Statistical Analysis
Statistical analysis was also performed in R. A linear mixed-effects model (LMM) was applied using the lmerTest package [24]. This LMM assessed the absolute accuracy at the point structures, modalities (SI vs VT), the sequence (starting method), the group (dental and medical students, and surgeons), subcutaneous soft tissue thickness, and side (left or right) as fixed effects and the participants as a random effect. When analyzing the ASD and HD for line and volume-based structures, the same LMM framework was applied. Subcutaneous soft tissue thickness was specifically included to account for anatomical variation across different locations. However, it was not considered in the analysis of relative accuracy for point structures, which instead relied more on spatial reference to other anatomical landmarks.
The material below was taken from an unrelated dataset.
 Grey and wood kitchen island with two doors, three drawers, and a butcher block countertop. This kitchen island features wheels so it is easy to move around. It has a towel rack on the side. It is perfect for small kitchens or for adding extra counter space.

The normality of the data distribution was assessed using the Shapiro-Wilk test. Duration and each Likert question between methods were compared using the Mann-Whitney U test. The NASA-TLX scales were compared by unpaired two-tailed t test. For all tests mentioned, a P value of <.05 was considered significant.
Ethical Considerations
This study was approved by the local ethics committee of the University Hospital RWTH (Rheinisch-Westfälische Technische Hochschule) Aachen (EK 24‐127; Chairman Prof Ralf Hausmann; April 3, 2024). The study was registered with a study protocol in advance in the German Clinical Trial Register (DRKS00032835) and followed the CONSORT (Consolidated Standards of Reporting Trials) 2010 guidelines (Checklist 1) and its extension designed and modified specifically for crossover studies, as illustrated by the flow diagram [2526]. Informed consent was obtained from all participants involved in the study. To protect the privacy of the participants, all participants were anonymized, and no personally identifiable information was stored with the research data. It is to be noted that no financial compensation was provided to the participants involved in the present trial. Nevertheless, as a token of appreciation, two vouchers with a total value of €15 (US $17.5) were distributed through a raffle.
Results
Cohort
A total of 38 participants (16 females and 22 males) were successfully included in the study, comprising two groups, namely surgeons, and medical and dental students following the flow (Figure 3). Among the 18 surgeons, there were 12 residents and 6 specialists. This group included 9 oral and maxillofacial surgeons, 5 oral surgeons, and 4 plastic surgeons. In the student group, which consisted of 20 participants, 17 were dental students and 3 were medical students. The average age of participants was 26.8 (SD 5.1; range 20‐43). The average clinical experience of surgeons was 4.0 (SD 4.3) years, and the average clinical experience of medical and dental students was 4.2 (SD 0.9) years; mean 8.3 (SD 1.6) semesters (Table 1).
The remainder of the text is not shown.